- 4 ounces crème fraîche
- ¾ cup cream
- Salt and pepper
- 1 pound potatoes, russets or Yukon Golds), peeled and very thinly sliced on a mandoline
- 1 pound celeriac, (celery root), peeled, very thinly sliced on a mandoline
- 2 tablespoons chives, finely chopped
- 3 green onions, finely sliced
- 2 ounces Gruyère cheese, grated
Preheat oven to 375°.
In a large bowl, whisk together the crème fraîche and cream. Add a good pinch of salt and 5–6 grinds black pepper and whisk once more.
Add all of the remaining ingredients to the bowl and mix well. The easiest way to do this is with your hands.
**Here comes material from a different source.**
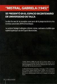"Mistral, Gabriela (1945)" se presentó en el espacio bicentenario de Universidad de Talca. [artículo] De Colección (Revista : Talca, Chile)-- año 5, no. 8, (2019), p. 22 a 25. .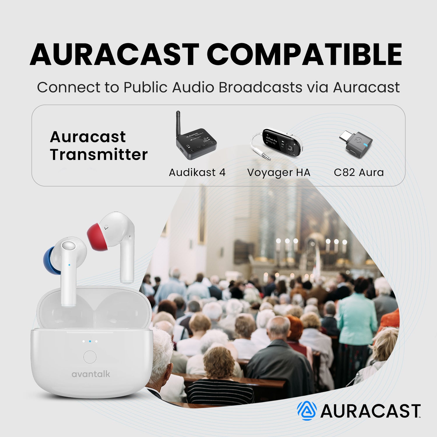Yes. They can pair directly with any Bluetooth-enabled TV. For perfect lip-sync, use a compatible low-latency transmitter — Auracast™ (Voyager, Audikast 4 series, Aura Focus base).

It’s a little messy, but fun!
Layer the well-coated potatoes and celeriac slices in a large gratin dish or individual gratins, slightly overlapping them.
Bake for 35–40 minutes, or until the vegetables are tender and the top of the gratin is golden brown. Remove from the oven and let rest for 5 minutes before serving.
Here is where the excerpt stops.